# Where do thieves steal guns? From unlocked cars, Post data shows



## BackyardCowboy (Aug 27, 2014)

https://www.palmbeachpost.com/news/...steal-guns-from-unlocked-cars-post-data-shows


----------



## RK3369 (Aug 12, 2013)

Two issues, first, people are stupid for not locking their cars, especially in urban areas. Second, people are even more stupid for leaving guns in their cars,locked or unlocked. You’re just helping the criminals folks and also giving the anti gun crowd more reason to restrict your gun rights. Smarten up, please.


----------



## fadlirya (Oct 31, 2019)

RK3369 said:


> Two issues, first, people are stupid for not locking their cars, especially in urban areas. Second, people are even more stupid for leaving guns in their cars,locked or unlocked. You're just helping the criminals folks and also giving the anti gun crowd more reason to restrict your gun rights. Smarten up, please.


+1


----------



## Jeb Stuart (Jan 19, 2020)

They also get them from breaking into people's home when they are not home. Prime time is around 3pm. And not a soul even has a clue, until they come home. What is worse is when the owner does come home and the bad guy is still there with the owners gun in his hand. And is some cases there beloved dog, killed from poison or drugs. 

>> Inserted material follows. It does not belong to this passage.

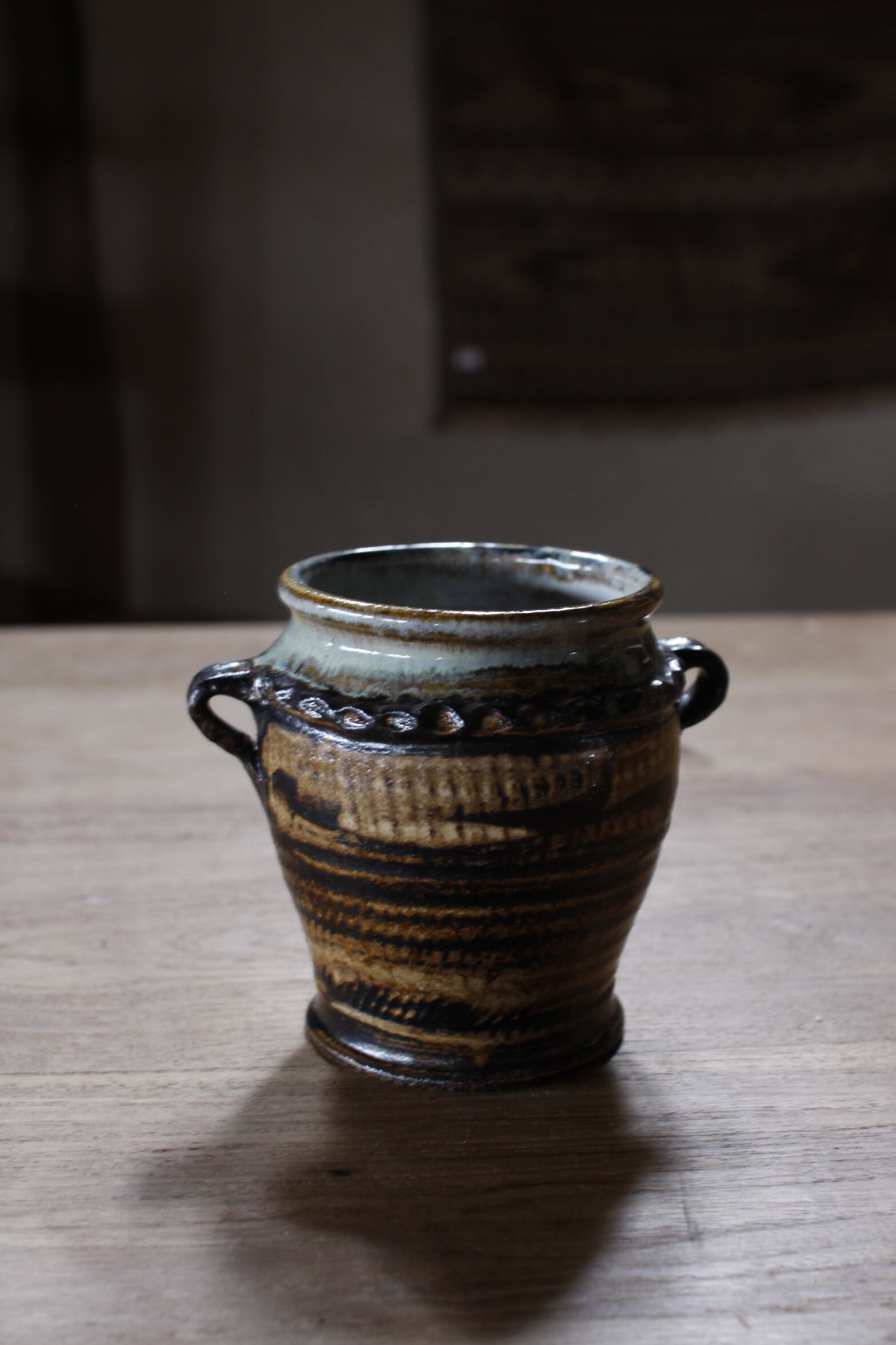 【沙器窯・柳瀬俊一郎】 飴釉壺 スリップウェア 13×12cm

I suspect it will get worse in the coming months. With some states releasing criminals from Jail, unemployment on the rise etc.


----------



## yellowtr (Oct 28, 2016)

When one of my firearms is in my truck, so am I. If I am going up to the range but have to stop at a store for something, I bring only my carry pistol. Then return home for whatever I am shooting that day. In NY, your carry permit will be revoked if you have a pistol stolen from a vehicle. No appeal. A locked vehicle is only a simple broken window away from being unlocked.


----------



## RK3369 (Aug 12, 2013)

Why bother to bring an edc if you don’t take it with you everywhere? When you don’t have it is undoubtedly when you will need it. So if there are some places you can’t carry it, don’t go there, duh.


----------



## Jeb Stuart (Jan 19, 2020)

Unfortunately there are places where you cannot go into with your carry gun. Courts, City Gov. schools, etc. Unless of course you want to get arrested. I also do carry guns to the range and even though I will get out to go into a store or something, I have a locker in my SUV all the time. All my range gear is in there and it stays in their permanently and locked.

And yes, Most car theft is just like small business and a favorite of the Scum Bag thief, called Smash and Run. That is why they make small carry safes for vehicles. Thieves are *Opportunist.* There goal is too get the loot, do the rape etc. without getting caught. A alarm triggered, in a home is too much attention and of course the police called. In a vehicle, the small safe takes too much time and not worth the risk to hang around.

Note. Most burglaries typically have patterns. You see one home broken into, usually more in the neighborhood will follow.
I remember one home I went to on a sales call. The woman asked me to come over but warned me that I would not be able to walk through the house. It was a mess she said. The House was in a affluent neighborhood, with a major Golf Course directly behind them.
Well when I got there, the house was more than a mess. Every single thing in the house was totally destroyed. Every lamp, vase, chair table and even the family Bible that was sitting on the mantle above the fireplace holes in the walls . The Burglars also hit two other homes in that neighborhood. The Police caught them later in a Hotel and turned out they were wanted for murder.

Vehicles typically get it at night in front of the house. Not during the day in a parking lot of a store. And usually you will see many other vehicles in that neighborhood getting broken into throughout the month.

Oh and by the way. I asked all three victims that lived in the Golf course community the same question. "Why didn't you have a alarm? And all gave the same answer. We thought we lived in a safe neighborhood.


----------



## pic (Nov 14, 2009)

We've been very lucky The left hasn't brought that argument very strongly to the table. Not sure if the statistics back it up?

Our defense has always been,,, why should the law abiding suffer ?, take the guns from the criminals. 
If the criminals are obtaining the guns from the law abiding, they might just have a strong point. 
Again, I don't know what the statistics are?
That would be my argument if I was anti gun. It has a logical argument.


----------



## RK3369 (Aug 12, 2013)

Yup, plus they’d likely say if you can’t be trusted to safeguard a gun you are not trustworthy enough to have one.


----------



## tony pasley (May 6, 2006)

No mention of the theft of LEO firearms from vehicles, Or the numbers stolen from government building parking lots, I wonder why.


----------



## wirenut (Dec 16, 2015)

What I see are a lot of are the brand name firearm manufactures bumper sticker on a lot of trucks.
To me it's a given that person is a gun owner and if it is a no gun policy building chances are it's left in the vehicle.
That's why I don't like open carry, no one needs to know.


----------



## desertman (Aug 29, 2013)

wirenut said:


> What I see are a lot of are the brand name firearm manufactures bumper sticker on a lot of trucks.
> To me it's a given that person is a gun owner and if it is a no gun policy building chances are it's left in the vehicle.
> That's why I don't like open carry, no one needs to know.


I used to have an NRA sticker on my truck even though I don't leave any weapons or anything else of value in it while unattended. I figured why even take the risk of having someone break into it?


----------